朱見深依舊讓汪直在御馬監任職,并進了一步,讓他做了掌司。
這已經是個實權職位了,再往上,就是提督太監,再上是監督太監,然后……就只剩下御馬監掌印太監了。
汪直到底年齡太小,還需要時間磨礪,不過,朱見深對這一顆棋子期望甚深,甚至于后續的路,都給其鋪好了。
這些汪直并不知情,他只知道皇上這是打算培養他。
“奴婢定不負皇上栽培!”汪直雙手接過任免御令,顫抖著聲音承諾。
朱見深笑了笑,“過年時回來一趟,貴妃娘娘時常念叨你。”
“奴婢…遵旨。

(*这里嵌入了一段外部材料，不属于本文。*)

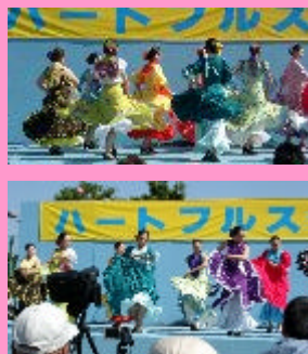
あいかわらず大人気

”汪直嗓音有些哽咽,又行了一禮,退出大殿。
朱見深幽幽嘆了口氣,自語道:“但愿你能如你說的那般,別讓朕失望。”
朱見深隱忍了十年,也經營了十年,這十年來的步步為營,讓他具備了真正跟臣子掰手腕的能力。
也是時候,展現他的實力了。
“這些年來,他們終究是太安逸了啊……”朱見深冷笑,“官場風氣是時候整頓、重塑了。”
吁了口氣,他揚聲道:“傳萬安進宮見朕!”
…
次日,早朝。
皇帝上朝,群臣行禮,一切都和往日無甚區別。
年關將近,朝堂氣氛也變得輕松,甚至歡快起來。
隨著一聲‘眾卿平身’,群臣起身,各自回班站好,一副和氣融融場面。
但,有一人除外。
萬安!
老家伙愁毀了,這次皇帝交代他的差事……可真夠拉仇恨的,他有預感,這要是說了,以后自己的名聲可就要盡毀了,盡管他本身也沒什么好名聲。
可這次過后,他甚至會在成華一朝的史書上臭名昭著。
僅是想想,他就頭皮發麻……
時間一分一秒地過去,萬安始終不敢冒頭,以至于朝會都快結束了,他都沒站出來說話。
他想拖過去,但……有人不同意。
“萬愛卿!”
“啊?臣,臣在。”萬安硬著頭皮出班。
朱見深神情不滿,眼神威脅:“朕觀你一副魂不守舍,患得患失模樣,可是有言想諫,卻不敢言?”
群臣見狀,目光一下子全集中在萬安身上。
“臣,臣……”萬安頭都快炸了,他深知一旦說出所謂諫言,他必將自絕于文官,且永無翻身可能,但……不說,他可能馬上就會卷鋪蓋滾蛋。
支吾片刻,他一咬牙,決定一條道兒走到黑。
“回皇上,臣卻有言要諫!”
朱見深神色立刻溫和下來,含笑道:“但言無妨!”
萬安知道自己沒有退路,他名聲夠臭了,不迎合皇帝,這個官兒他根本做不下去,索性也豁出去了。
“皇上,自大明立國,迄今已有百余年,隨著時間的推移,大明的官員……越來越多。”